Саша хотел присоединиться, но тот махнул рукой – мол, сам справлюсь. Для инвалида он действительно работал очень ловко. Но парень решил расколоть несколько поленьев и чурбаков, чтобы компенсировать тот расход колотых дров, который он устроил. Хотя ему показалось, что, когда он взял в руки топор, торчавший в колоде, хозяин слегка напрягся.
Пса во дворе всё-таки не было. На вопрос доктор ответил, что их сторожевая псина умерла недавно, ещё не успели завести новую. Это хорошо. Собак Саша уже привык опасаться.
Вскоре, закончив работу, они пошли в пристройку большого дома. И снова доктор его осматривал и спрашивал о самочувствии, делая новые записи.
После осмотра он пригласил Сашу пообедать с ними.
За столом, который был накрыт неплохой скатертью, они сидели втроём.
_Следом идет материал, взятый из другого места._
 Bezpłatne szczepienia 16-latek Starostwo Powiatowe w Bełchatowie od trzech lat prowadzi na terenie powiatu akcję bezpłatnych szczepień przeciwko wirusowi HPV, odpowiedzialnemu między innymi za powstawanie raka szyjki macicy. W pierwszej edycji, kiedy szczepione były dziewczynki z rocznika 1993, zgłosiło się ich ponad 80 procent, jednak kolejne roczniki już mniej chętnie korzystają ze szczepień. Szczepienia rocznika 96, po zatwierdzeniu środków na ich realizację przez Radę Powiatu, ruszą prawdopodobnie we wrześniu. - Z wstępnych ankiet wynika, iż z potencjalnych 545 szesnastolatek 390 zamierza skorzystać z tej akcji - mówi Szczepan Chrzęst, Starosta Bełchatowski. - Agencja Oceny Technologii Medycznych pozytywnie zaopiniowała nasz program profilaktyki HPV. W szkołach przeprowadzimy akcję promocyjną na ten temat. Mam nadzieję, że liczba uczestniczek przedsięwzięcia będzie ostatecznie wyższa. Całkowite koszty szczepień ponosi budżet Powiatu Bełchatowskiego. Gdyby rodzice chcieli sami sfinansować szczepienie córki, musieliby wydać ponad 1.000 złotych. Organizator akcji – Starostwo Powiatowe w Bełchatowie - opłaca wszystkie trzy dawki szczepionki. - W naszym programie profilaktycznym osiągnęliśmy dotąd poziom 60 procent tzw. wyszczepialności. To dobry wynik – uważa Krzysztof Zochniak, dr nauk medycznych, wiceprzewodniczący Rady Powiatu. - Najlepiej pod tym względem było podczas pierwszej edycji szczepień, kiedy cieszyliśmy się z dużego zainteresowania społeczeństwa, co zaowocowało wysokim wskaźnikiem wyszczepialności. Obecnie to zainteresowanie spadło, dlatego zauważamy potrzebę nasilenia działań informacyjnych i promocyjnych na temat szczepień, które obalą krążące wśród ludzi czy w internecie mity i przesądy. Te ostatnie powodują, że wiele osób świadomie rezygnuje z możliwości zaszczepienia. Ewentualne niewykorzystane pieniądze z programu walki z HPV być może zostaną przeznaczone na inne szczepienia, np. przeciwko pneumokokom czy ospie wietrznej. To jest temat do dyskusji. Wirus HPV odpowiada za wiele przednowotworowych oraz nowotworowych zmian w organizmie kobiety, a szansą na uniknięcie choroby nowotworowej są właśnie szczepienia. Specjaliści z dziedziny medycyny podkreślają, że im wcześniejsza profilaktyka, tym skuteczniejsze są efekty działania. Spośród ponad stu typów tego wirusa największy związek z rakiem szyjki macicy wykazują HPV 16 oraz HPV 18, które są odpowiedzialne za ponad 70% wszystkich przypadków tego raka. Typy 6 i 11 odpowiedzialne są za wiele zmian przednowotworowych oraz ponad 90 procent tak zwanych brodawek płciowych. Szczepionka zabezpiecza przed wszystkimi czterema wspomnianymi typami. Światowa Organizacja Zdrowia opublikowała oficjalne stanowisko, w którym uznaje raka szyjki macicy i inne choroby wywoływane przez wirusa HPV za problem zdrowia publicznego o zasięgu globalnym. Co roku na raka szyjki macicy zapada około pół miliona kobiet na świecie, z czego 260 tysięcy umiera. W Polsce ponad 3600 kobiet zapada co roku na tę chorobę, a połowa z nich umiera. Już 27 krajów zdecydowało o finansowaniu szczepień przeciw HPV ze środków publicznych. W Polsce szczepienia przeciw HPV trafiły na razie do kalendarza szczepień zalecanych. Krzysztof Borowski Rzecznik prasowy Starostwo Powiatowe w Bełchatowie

Но супруга врача упорно гостя-пациента игнорировала и в разговоре участия не принимала, только ухаживала за мужем, даже повязала ему салфетку. На обед она подала суп, который показался Саше очень аппетитным. Хотя в его тарелке был малюсенький кусочек мяса, буквально несколько волокон, в отличие от тарелки хозяина, куда жена его щедро положила большую сахарную косточку. Просить добавки у Саши даже мысли не возникло. Но ещё была гречневая каша и чай из каких-то трав, а также соленья (но не грибы, видимо, их собирать здесь не решались) и варенье, похожее на земляничное – чуть-чуть.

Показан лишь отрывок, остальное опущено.